DelveInsight's analysts connected with 50+ KOLs to gather insights; however, interviews were conducted with 15+ KOLs in the 7MM. Centers like Southern Illinois University School of Medicine, the University of Washington, the University Hospital of Tours, Navarra Institute for Health Research, the University of Tokyo School of Medicine, and the National Center of Neurology and Psychiatry were contacted. Their opinion helps understand and validate current and emerging therapy treatment patterns or progressive supranuclear palsy market trends. This will support the clients in potential upcoming novel treatments by identifying the overall scenario of the market and the unmet needs.
According to our primary research analysis, though there is a lack of treatment guidelines, levodopa and amantadine are used to alleviate rigidity and bradykinesia, while amitriptyline and zolpidem were mostly used to manage depression and dystonia, respectively. This botulinum toxin also manages dystonia, including blepharospasm and sialorrhea.
We perform Qualitative and market Intelligence analysis using various approaches, such as SWOT and Conjoint Analysis. In the SWOT analysis, strengths, weaknesses, opportunities, and threats in terms of disease diagnosis, patient awareness, patient burden, competitive landscape, cost-effectiveness, and geographical accessibility of therapies are provided. These pointers are based on the Analyst's discretion and assessment of the patient burden, cost analysis, and existing and evolving treatment landscape.
Conjoint Analysis analyzes multiple emerging therapies based on relevant attributes such as safety, efficacy, frequency of administration, route of administration, and order of entry. Scoring is given based on these parameters to analyze the effectiveness of therapy.

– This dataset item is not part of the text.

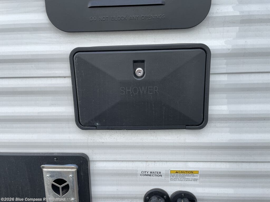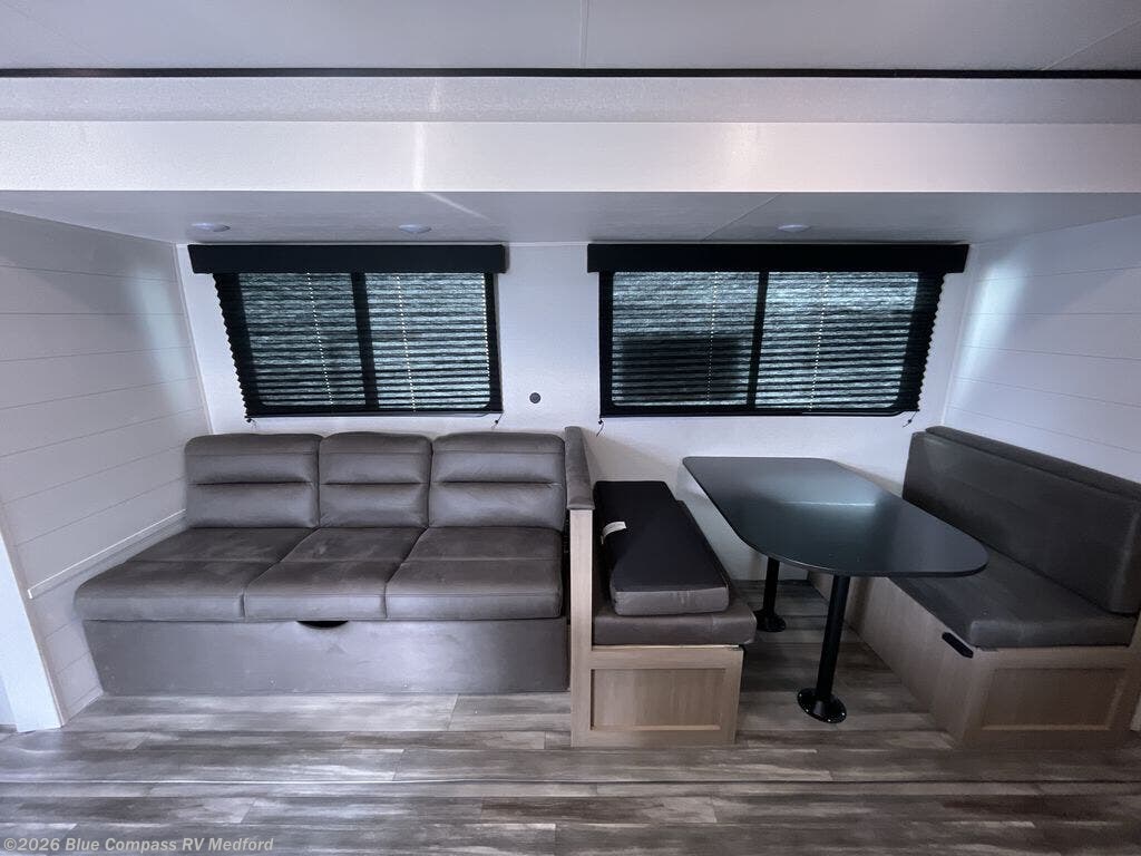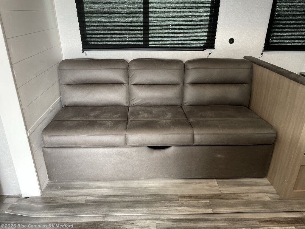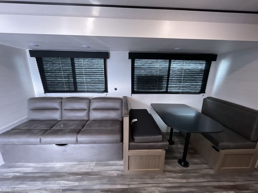 You can comfortably sleep up to six people in this trailer thanks to the RV queen bed in the front bedroom, plus the booth dinette and jack-knife sofa in the main living area! The chef of your crew will have a three burner cooktop and microwave oven to prepare meals, and everyone can store their favorite drinks in the 8 cu. ft. 12V refrigerator. The walk-through bath is spacious and includes a radius shower, toilet, a sink, and linen closet and is the full width of the unit. The outside storage will let you bring along camp chairs and games, fishing poles and more, plus the 18' power awning with LED lights will create a nice place to gather in the evenings!

The therapies' safety is evaluated wherein the acceptability, tolerability, and adverse events are majorly observed. It sets a clear understanding of the side effects posed by the drug in the trials. In addition, the scoring is also based on the route of administration, order of entry and designation, probability of success, and the addressable patient pool for each therapy. According to these parameters, the final weightage score and the ranking of the emerging therapies are decided.
Reimbursement of rare disease therapies can be limited due to lack of supporting policies and funding, challenges of high prices, lack of specific approaches to evaluating rare disease drugs given limited evidence, and payers' concerns about budget impact. The high cost of rare disease drugs usually has a limited effect on the budget due to the small number of eligible patients being prescribed the drug. The US FDA has approved several rare disease therapies in recent years. From a patient perspective, health insurance and payer coverage guidelines surrounding rare disease treatments restrict broad access to these treatments, leaving only a small number of patients who can bypass insurance and pay for products independently.
The report provides detailed insights on the country-wise accessibility and reimbursement scenarios, cost-effectiveness scenarios, programs making accessibility easier and out-of-pocket costs more affordable, insights on patients insured under federal or state government prescription drug programs, etc.